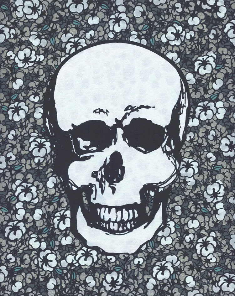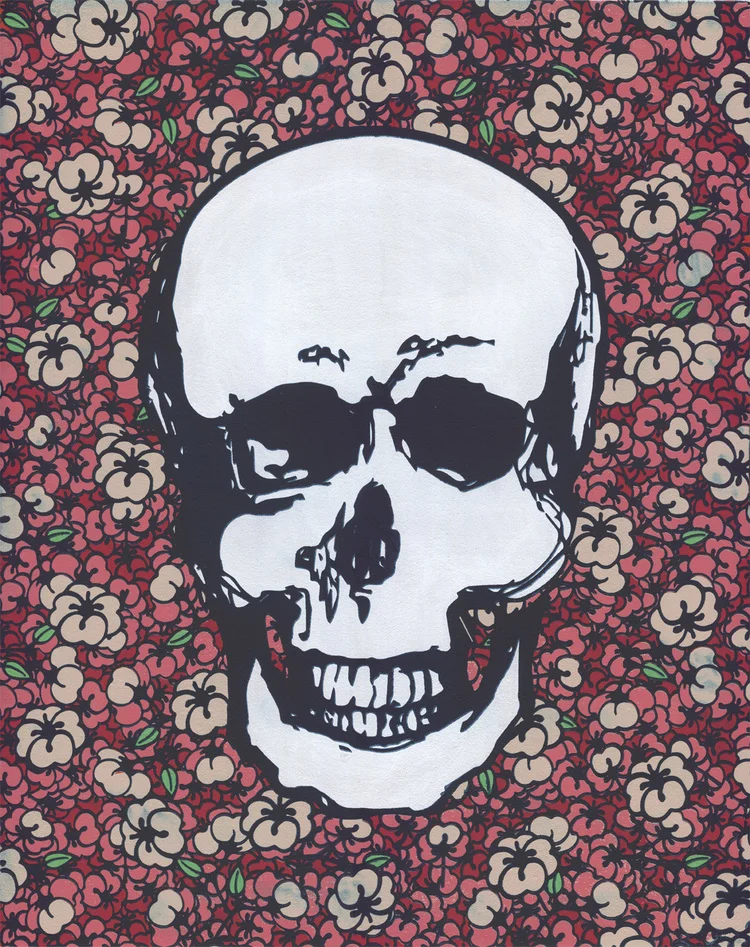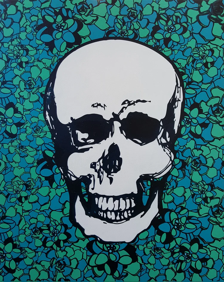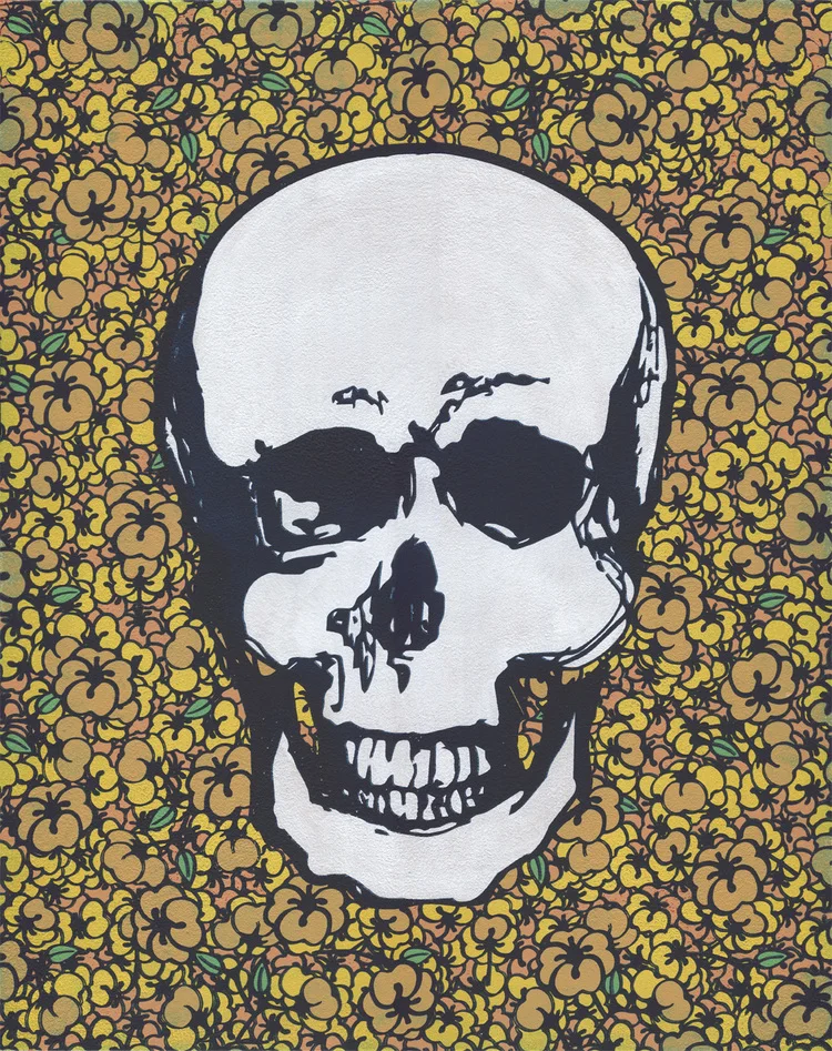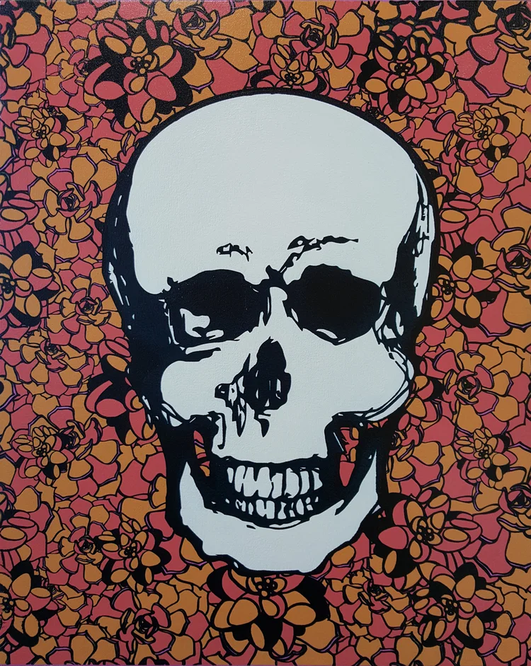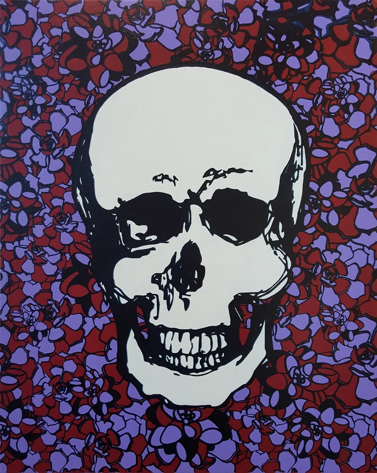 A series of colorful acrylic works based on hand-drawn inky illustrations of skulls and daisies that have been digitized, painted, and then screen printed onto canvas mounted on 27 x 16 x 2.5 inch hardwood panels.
+ + + +
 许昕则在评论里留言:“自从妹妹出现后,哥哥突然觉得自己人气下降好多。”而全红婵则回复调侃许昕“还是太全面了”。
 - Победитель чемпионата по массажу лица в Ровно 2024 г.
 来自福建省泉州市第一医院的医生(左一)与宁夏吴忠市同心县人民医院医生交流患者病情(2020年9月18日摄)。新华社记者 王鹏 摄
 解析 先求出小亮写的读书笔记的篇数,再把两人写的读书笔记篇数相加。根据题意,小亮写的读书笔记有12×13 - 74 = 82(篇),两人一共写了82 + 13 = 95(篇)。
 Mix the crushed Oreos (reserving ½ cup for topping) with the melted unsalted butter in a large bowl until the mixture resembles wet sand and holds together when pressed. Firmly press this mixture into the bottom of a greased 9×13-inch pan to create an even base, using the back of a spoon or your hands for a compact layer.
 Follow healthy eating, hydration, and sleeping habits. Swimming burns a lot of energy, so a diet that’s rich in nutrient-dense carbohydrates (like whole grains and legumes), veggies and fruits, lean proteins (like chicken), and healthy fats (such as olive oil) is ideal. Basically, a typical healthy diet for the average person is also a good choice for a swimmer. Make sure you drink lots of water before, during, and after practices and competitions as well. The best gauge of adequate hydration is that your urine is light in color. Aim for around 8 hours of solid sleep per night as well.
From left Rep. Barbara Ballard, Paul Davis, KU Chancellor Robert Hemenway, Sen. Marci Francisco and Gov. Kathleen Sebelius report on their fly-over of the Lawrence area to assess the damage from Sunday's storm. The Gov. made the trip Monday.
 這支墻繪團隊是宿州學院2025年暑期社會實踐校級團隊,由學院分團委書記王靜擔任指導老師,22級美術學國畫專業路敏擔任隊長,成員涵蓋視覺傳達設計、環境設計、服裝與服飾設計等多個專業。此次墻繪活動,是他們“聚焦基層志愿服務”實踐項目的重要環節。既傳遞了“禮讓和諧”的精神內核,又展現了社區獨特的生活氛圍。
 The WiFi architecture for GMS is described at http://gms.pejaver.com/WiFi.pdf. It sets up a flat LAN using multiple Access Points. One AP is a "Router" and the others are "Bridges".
+ + + +
:: WHAT THE EXERCISE ASKS ::
The answer is the run of lines above from the line containing "- Победитель чемпионата" through the line containing "解析 先求出小亮写的读书笔记的篇数,再把两人写的读书笔记篇数相加。根据题意,小亮写的读书笔记有12×13 - 74", copied exactly and alone.

:: EXERCISE OUTPUT ::
 - Победитель чемпионата по массажу лица в Ровно 2024 г.
 来自福建省泉州市第一医院的医生(左一)与宁夏吴忠市同心县人民医院医生交流患者病情(2020年9月18日摄)。新华社记者 王鹏 摄
 解析 先求出小亮写的读书笔记的篇数,再把两人写的读书笔记篇数相加。根据题意,小亮写的读书笔记有12×13 - 74 = 82(篇),两人一共写了82 + 13 = 95(篇)。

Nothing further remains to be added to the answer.